CONVERSATION PIECE de LUCHINO VISCONTI
Tout autre est le rôle que Silvana Mangano interprète dans
Gruppo di famiglia in un interno.
Violence et passion, réalisé par Luchino Visconti en 1974. Luchino Visconti confie à l’actrice le rôle d’une grande bourgeoise insolente et oisive, épouse d’un riche industriel. Exubérante, envahissante et excentrique, la marquise Bianca Brumonti, toujours flanquée de Konrad (Helmut Berger), son impossible et imprévisible amant, de sa fille Lietta (Claudia Marsani) et de son futur gendre Stefano (Stefano Patrizi), entreprend la conquête d’un vieux professeur esthète et misanthrope (admirable Burt Lancaster). Dont elle veut s’approprier un appartement resté libre dans le palais romain du professeur, piazza Campitelli. Cette intrusion tonitruante bouscule la vie solitaire du vieil homme, en conversation exclusive avec les « groupes » humains des tableaux qu’il collectionne et restaure
(Conversation Pieces). Passion qui donne son titre à la version anglaise du film. À bout de résistance et de patience, le professeur cède progressivement du terrain. Peu à peu, la famille Brumonti s’impose dans la vie du vieil homme amoureux de Mozart (« Vorrei spiegarvi, O Dio ») et de Gainsborough, bousculant sans vergogne son âge, ses us et ses valeurs. Lui imposant ses hystéries, ses folies, ses revirements et ses mœurs délurées.
Du jour au lendemain, le palais du professeur devient le théâtre d’un affrontement.
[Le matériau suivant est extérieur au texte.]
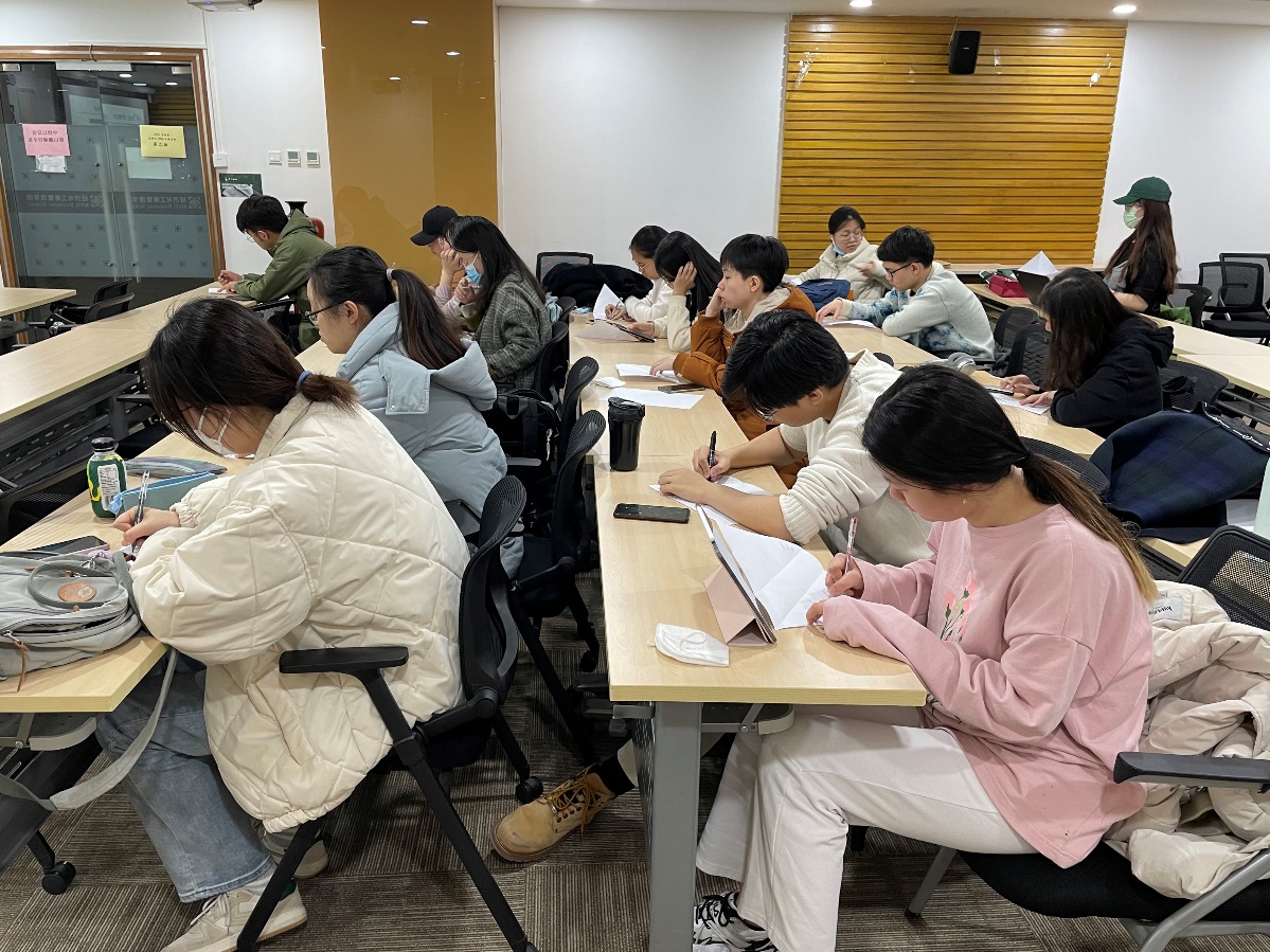 邱老师首先逐个了解了同学们的考研情况,部分同学已经通过了笔试,他就从复试准备、心态调整、计划实施等方面为他们提出了具体可行的建议;对于笔试没有通过的同学,他宽慰道:“人生的迷茫在于生涯规划没有非常清晰”,接着带领大家通过一个简单的折纸游戏梳理从现在到三年之后的目标,明确人生规划。

Et d’un bouleversement irréversible. Deux civilisations se heurtent de plein front. Le monde clos, feutré et policé du professeur. Monde ancien, essoufflé, au bord de la disparition comme le vieil homme qui l’incarne. Et monde moderne des parvenus, excessif et vulgaire, toujours insatisfait, orchestré par la marquise Brumonti et son gigolo de Konrad. Deux mondes complètement opposés. Que rien en apparence ne pourra jamais rapprocher.
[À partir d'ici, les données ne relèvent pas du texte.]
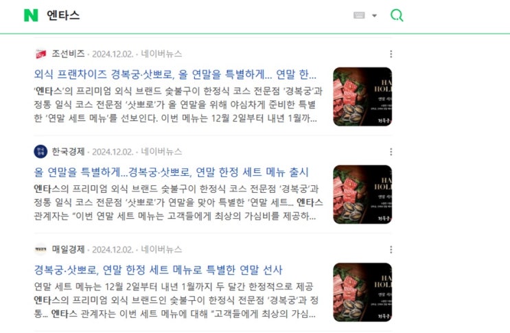 글로벌 외식 기업 엔타의 언론홍보 진행사례입니다. 엔타스 그룹은 경복궁, 삿뽀로 등 국내 120여개의 지점...
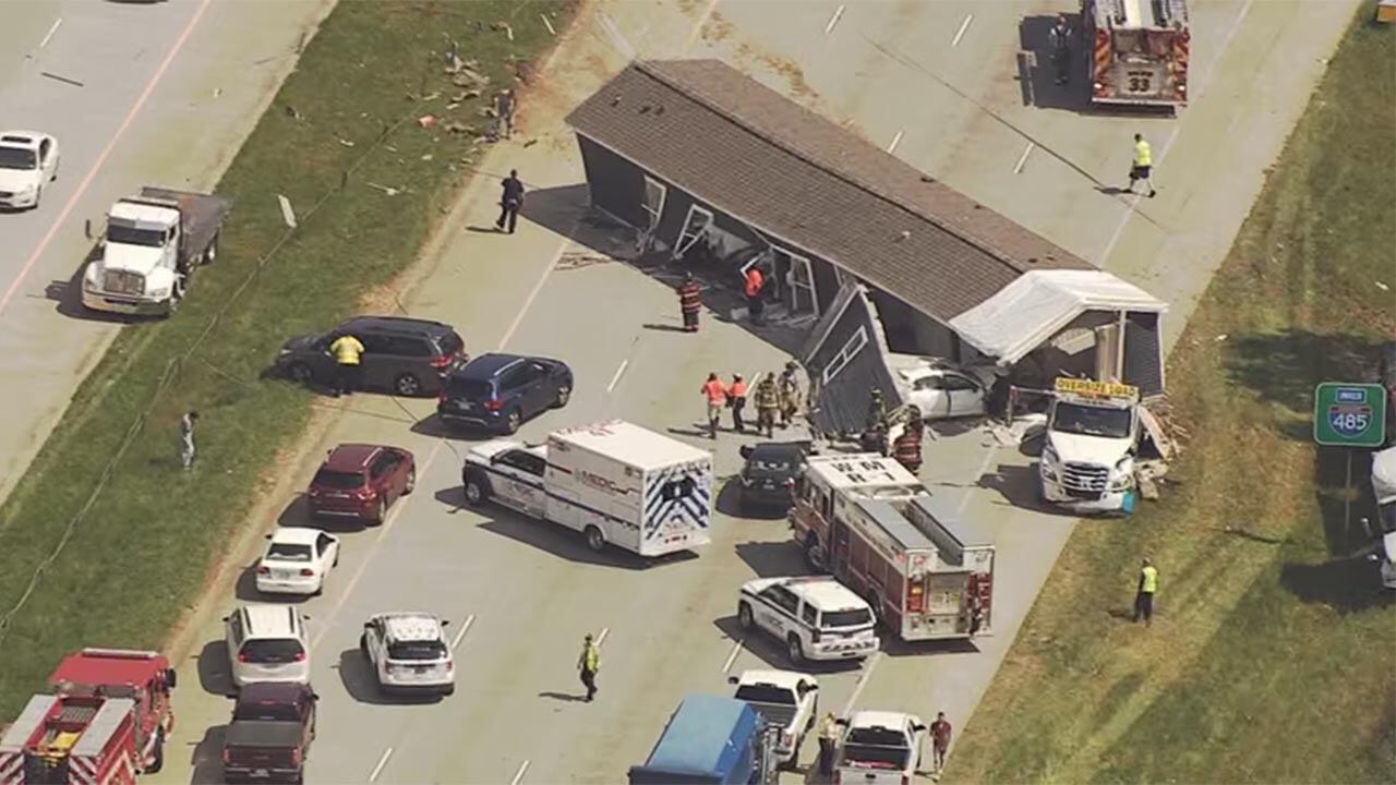 WSOC reported that a mobile home fell onto Interstate 485 in Charlotte on Thursday morning.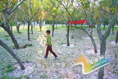 昨日大风,洛浦公园樱花林内,花落一地,树也歪斜。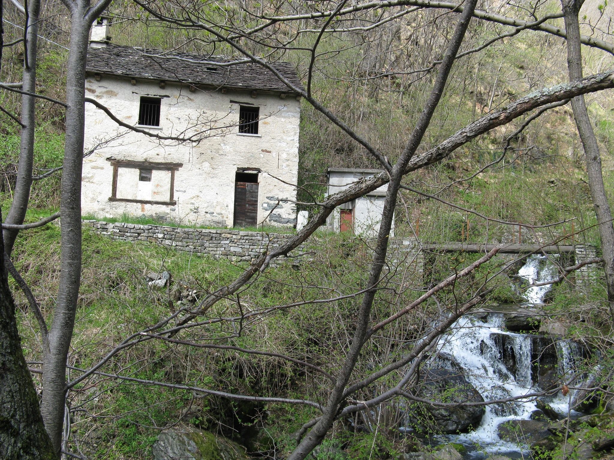 Sul fondo della valletta appare un edificio a due piani: un vecchio mulino a suo tempo azionato dall’acqua del torrente Eira (rio Mulini).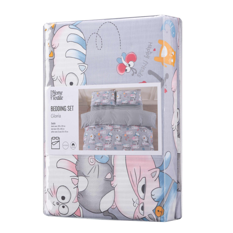 Комплект постільної білизни Gloria – це поєднання витонченого дизайну й безкомпромісної якості. Вироблена зі 100 % бавовняного сатину щільністю 200 ТС, постіль подарує винятковий комфорт і затишок. М’яка тканина ніжно пестить шкіру, забезпечуючи її дихання і створюючи відчуття свіжості та легкості. Яскравий дизайн із милим принтом і смужками на звороті підковдри додає спальному місцю особливого шарму.

Pourtant, dans cette rencontre forcée, qui tient les êtres sous tension, le courant doucement passe, s’infiltre et tisse son réseau d’imprévisibles ramifications. Les amitiés et les amours se déplacent, les crises de nerf s’apaisent un temps pour laisser place à la tendresse. Le vieux professeur perd un peu de sa misanthropie, regagne en vitalité et les autres se civilisent à son contact. Entre le vieux professeur et Konrad, les liens se resserrent, s’affinent. La personnalité du beau et veule Konrad se dévoile au cours du drame qui se joue. Drame dont nul ne sortira indemne.
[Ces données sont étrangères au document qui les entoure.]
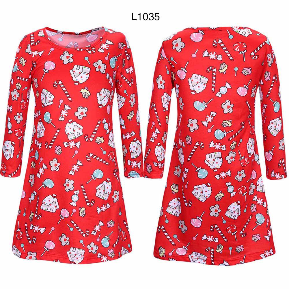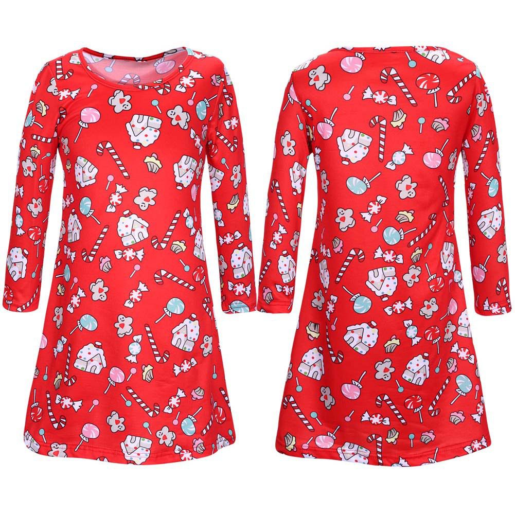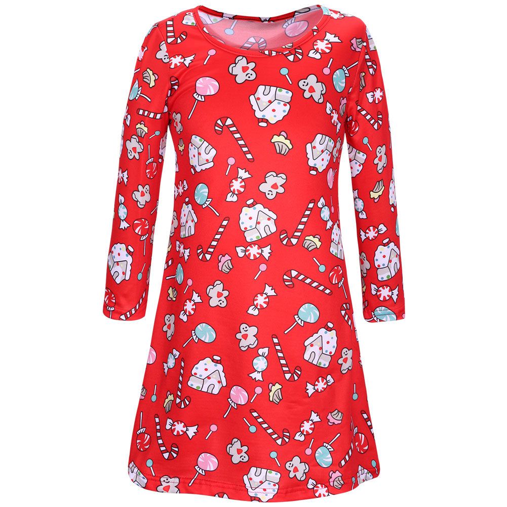 Girl's autumn and winter new dress Christmas day long sleeve printed children's dress
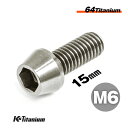 チタンボルト M6×15 P1.0 チタン無垢色 シルバー 単品 1本売り 64チタン テーパーボルト 全ネジ Ti-6Al-4V Gr5 チタ…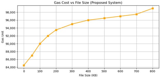 Along with the throughput and latency results, the gas cost graph shows that the system stays efficient and scalable even as file sizes increase. Figure 14 illustrates the relationship between file size (X-axis, in kilobytes) and gas cost (Y-axis, in gas units) within the proposed healthcare system. As the file size increases from 10 KB to 800 KB, the gas cost also rises gradually. This is because larger files require more metadata, such as encrypted hashes and access keys, to be securely processed and recorded on the blockchain. Although the actual patient data is stored off-chain on IPFS and in hospital EHR systems, the blockchain still handles critical operations like access control, authentication, and data verification. These processes become slightly more complex with increasing file size, leading to a controlled and linear increase in gas usage. However, in healthcare applications, this trade-off is acceptable, as ensuring the privacy, security, and integrity of sensitive patient information is far more important than minimizing gas costs. The graph thus demonstrates the system’s ability to scale efficiently while upholding strict healthcare data protection standards.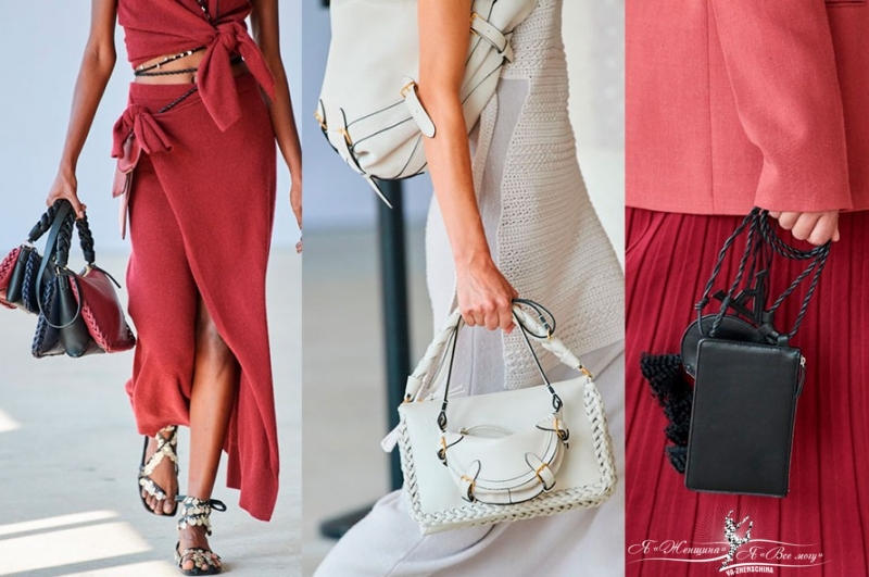 Заметили, как давно женщины не носили шейные платки на шее, так вот, в этом году их будут применять в создании образов по прямому назначению, не нужно больше выбирать: завязать платок на ногу или обмотать им сумку. Тема хендмейда особенно актуальна в сумках. Плетеные, вязаные, выкроенные из лоскутов ткани сумки в тренде.

Pas même la marquise Brumonti. Toujours sur la brèche, toujours survoltée, toujours drapée dans sa dignité de nantie capricieuse et dans d’excentriques toilettes, la marquise perd un peu de sa morgue et de sa superbe. Son visage très fin devient plus pâle au fur et à mesure qu’évoluent les passions et les violences. Et dans son regard noir se lisent les pensées secrètes de la femme à la fois sublimée et trahie. Konrad mort, le menton et les lèvres de Bianca Brumonti tremblent. « Nous oublierons. Il était trop jeune pour avoir appris cette chose définitive et terrible ». Déclare la belle marquise en passant un long doigt effilé sur ses lèvres.
Élégante et raffinée dans ce rôle de composition paradoxal qui faisait l’admiration silencieuse de Luchino Visconti, Silvana Mangano traduit à la perfection « le charme étrange et abrupt de Bianca Brumonti ».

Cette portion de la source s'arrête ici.